=== Section Start ===
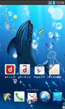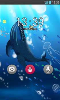 海中を自由に泳ぐ大きなクジラ。青色のグラデーションが涼しげなきせかえです♪
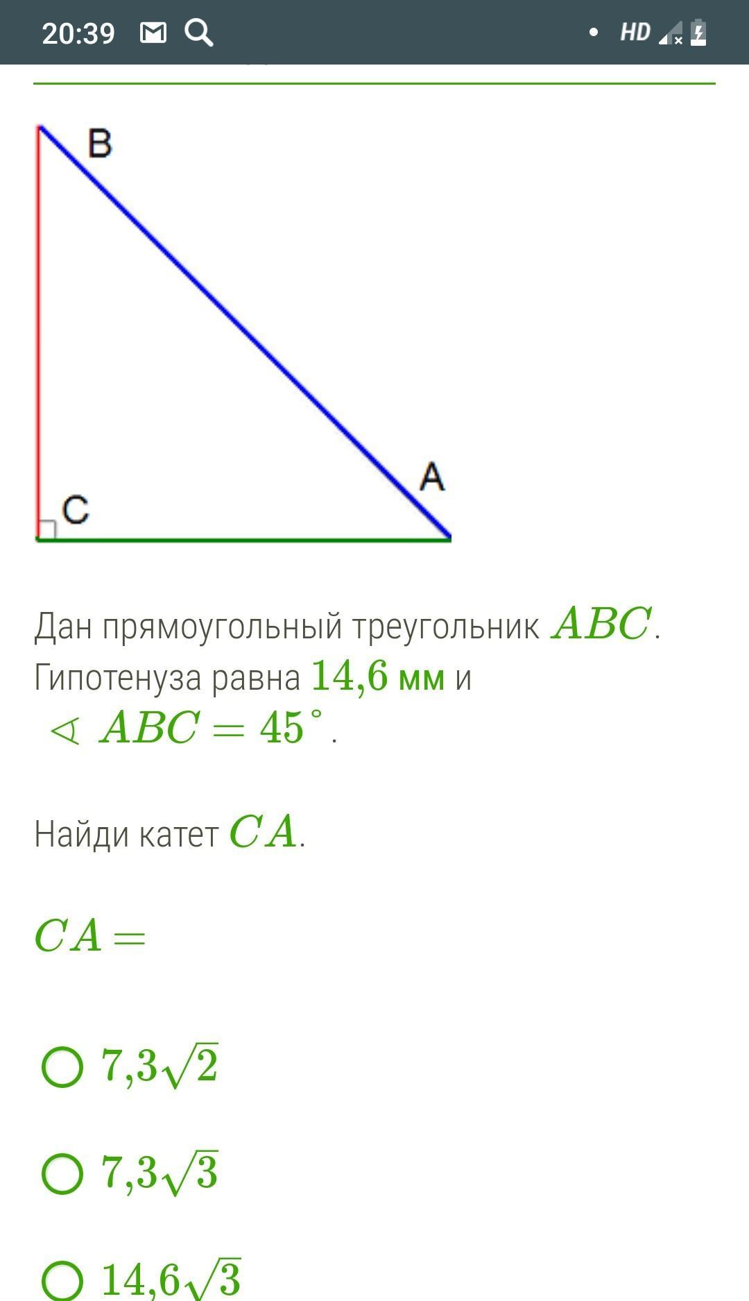∠В=∠А по свойству острых улов прямоугольного Δ.
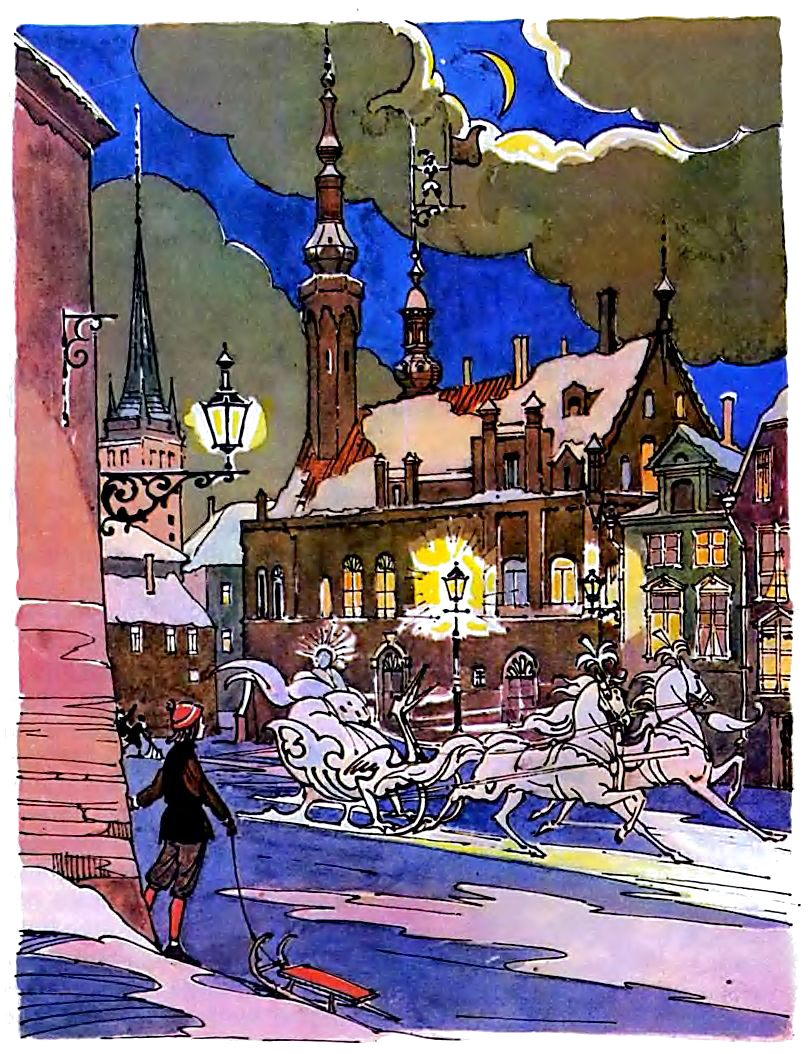 На площади каталось множество детей. Те, что были посмелее, привязывали свои санки к крестьянским саням и прокатывались таким образом довольно далеко. Веселье так и кипело. В самый разгар его на площади появились большие сани, выкрашенные в белый цвет. В них сидел кто-то укутанный в белую меховую шубу и такую же шапку. Сани объехали вокруг площади два раза.
=== Section End ===
> **What is required**
From the first line to the last, write out the data exactly, omitting any pictures.

> **Task response**
 海中を自由に泳ぐ大きなクジラ。青色のグラデーションが涼しげなきせかえです♪
∠В=∠А по свойству острых улов прямоугольного Δ.
 На площади каталось множество детей. Те, что были посмелее, привязывали свои санки к крестьянским саням и прокатывались таким образом довольно далеко. Веселье так и кипело. В самый разгар его на площади появились большие сани, выкрашенные в белый цвет. В них сидел кто-то укутанный в белую меховую шубу и такую же шапку. Сани объехали вокруг площади два раза.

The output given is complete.